- The Washington Times - Tuesday, October 15, 2002

Brazilian oil rigstabilized in Atlantic
RIO DE JANEIRO Federal oil giant Petrobras said yesterday that one of its rigs was listing at a 32-degree angle about 60 miles off the coast in the Atlantic Ocean but had apparently stabilized.
The drilling platform, known as P-34, tilted over late Sunday after a failure in its electronics systems, the company said. It is near the site where another Petrobras rig sank in 2001. Before the problem, P-34 pumped 34,000 barrels of oil a day and 195,000 cubic meters of natural gas.
There were no fires or explosions, and all 76 persons aboard were taken to other offshore platforms. Production was halted, and workers boarded the rig to see if it could be righted.
Petrobras said the rig's storage tanks held approximately 3 million gallons of oil, about one-fourth of its capacity.

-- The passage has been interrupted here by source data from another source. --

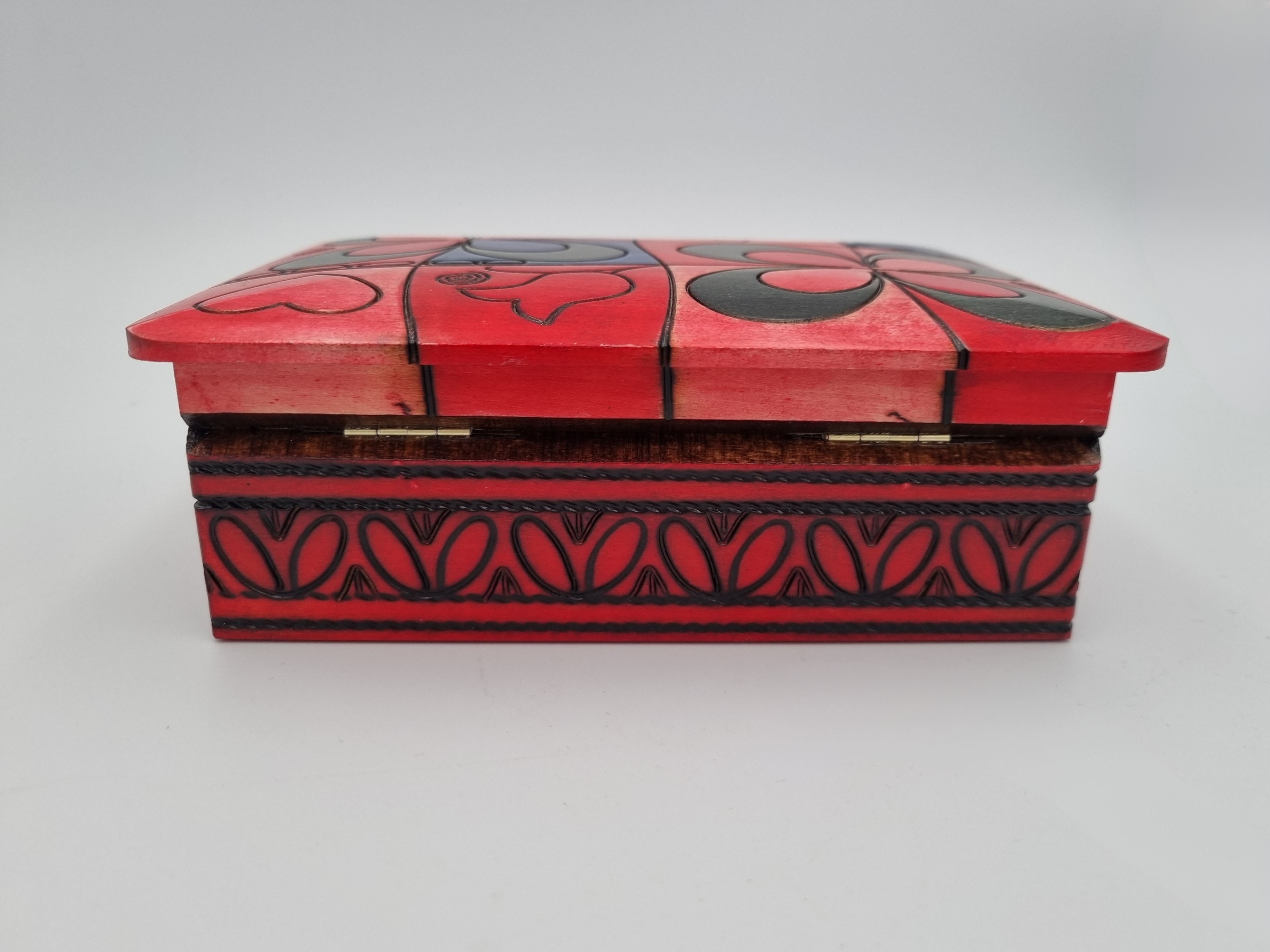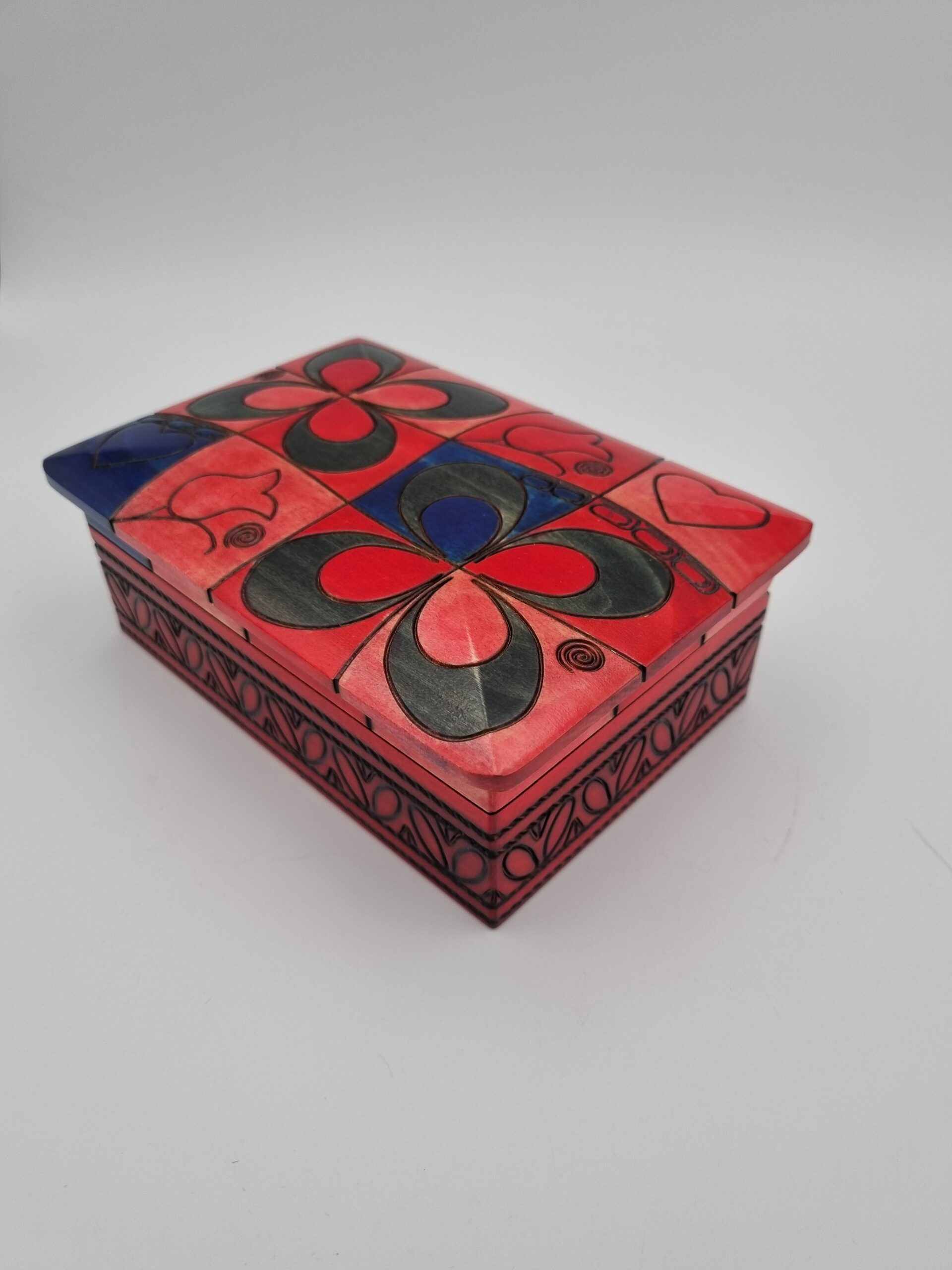 Kolorowy motyw przyciąga wzrok i ożywia przestrzeń, dlatego szkatułka będzie szczególnie bliska osobom, które cenią barwne akcenty, oryginalne detale i przedmioty z artystycznym wyrazem. To propozycja dla tych, którzy lubią otaczać się kolorem w artystycznej formie.
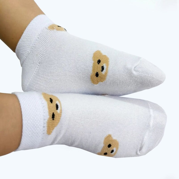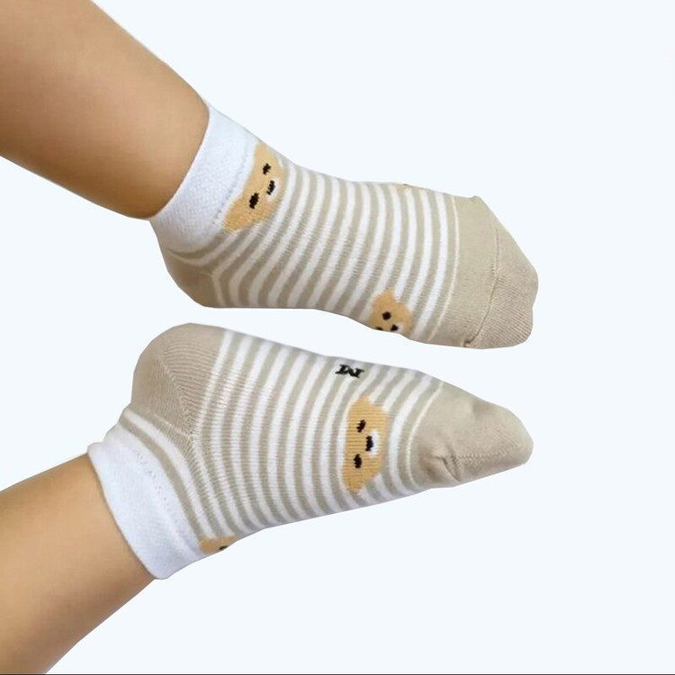 پک 6 جفتی جوراب ساق کوتاه بچگانه پسرانه دخترانه ی مدل خرسی تدی سفید نسکافه ای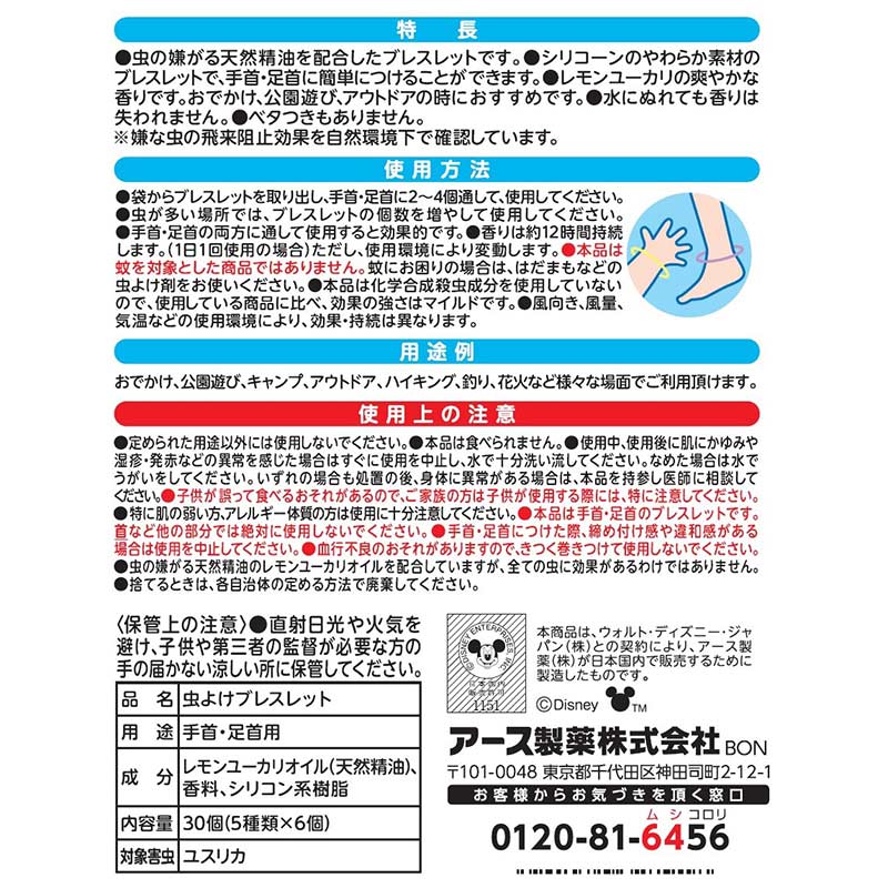 親子で使えるシリコーン製のやわらか虫よけ ●虫の嫌がる天然精油を配合した虫よけです。 ●5種類のかわいいデザインの虫よけです。 ●シリコーンのやわらか素材ので、手首・足首に簡単につけることができます。 ●香りは約12時間持続します。(1日1回使用) ●レモンユーカリの爽やかな香りです。おでかけ、公園遊び、アウトドアの時におすすめです。 ●水にぬれても香りは失われません。 (c)Disney

More lava action at Montserrat volcano
SALEM, Montserrat A large chunk of hardened lava broke away from this British Caribbean island's volcano Sunday and tumbled into the sea, causing alarm but posing no danger, officials said.
"It was the most energetic event in three days," said scientist Peter Dunkley of the Montserrat Volcano Observatory. Residents across the island heard the volcano rumbling throughout the morning an indication the dome is growing, scientists said.

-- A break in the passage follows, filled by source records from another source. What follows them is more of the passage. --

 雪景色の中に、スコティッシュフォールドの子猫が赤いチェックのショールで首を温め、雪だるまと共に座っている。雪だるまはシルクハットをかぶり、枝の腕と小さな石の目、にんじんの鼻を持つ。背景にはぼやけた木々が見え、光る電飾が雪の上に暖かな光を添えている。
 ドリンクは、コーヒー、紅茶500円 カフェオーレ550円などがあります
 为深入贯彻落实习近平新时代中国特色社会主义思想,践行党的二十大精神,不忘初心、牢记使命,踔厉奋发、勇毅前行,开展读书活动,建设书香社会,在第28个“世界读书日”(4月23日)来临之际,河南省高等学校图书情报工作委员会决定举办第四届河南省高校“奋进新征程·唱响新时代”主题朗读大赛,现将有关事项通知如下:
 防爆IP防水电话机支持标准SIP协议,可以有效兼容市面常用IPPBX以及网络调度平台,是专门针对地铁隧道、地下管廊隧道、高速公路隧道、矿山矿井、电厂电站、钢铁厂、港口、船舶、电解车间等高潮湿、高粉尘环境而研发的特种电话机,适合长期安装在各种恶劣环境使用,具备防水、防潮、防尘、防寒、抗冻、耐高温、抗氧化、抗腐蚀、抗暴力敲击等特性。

Chilean generalresigns amid probe
SANTIAGO, Chile Gen. Patricio Rios, chief of the Chilean air force, has resigned amid accusations that his branch hid information about dissidents who disappeared during Chile's former military dictatorship.
Gen. Rios maintained he was innocent, but said in a letter to President Ricardo Lagos on Sunday that he was resigning "for the sake of the nation and the air force." The trouble began when Gen. Rios appointed Gen. Patricio Campos to represent the air force in a group investigating the fate of more than 1,000 dissidents who disappeared during the 1973-90 regime of Gen. Augusto Pinochet.
The government newspaper La Nacion said Gen. Campos hid information he received to protect his wife, Viviana Ugarte, who had been a security agent involved in two disappearances. Gen. Campos resigned last month.

Weekly notes
Britain's Queen Elizabeth II and her husband, Prince Philip, wrapped up yesterday a Jubilee Tour of Canada overshadowed by Deputy Prime Minister John Manley's remark that Canada should choose its own head of state. The royal couple leaves Canada today at the end of an 11-day visit. Mr. Manley, the queen's escort on the Ottawa leg of her trip, also said Canada's ties to the British monarchy were no longer necessary. He later apologized for the timing of his remarks but stood by his opinion. Benjamin Arellano Felix, accused of running a Mexican drug ring, has filed a U.N. complaint claiming prison abuse, Reforma newspaper reported Sunday. The complaint says that Mr. Arellano Felix suffers psychological torture and urges authorities to move him to a regular cell. Since his arrest March 9, Mr. Arellano Felix has been held in isolation at La Palma prison.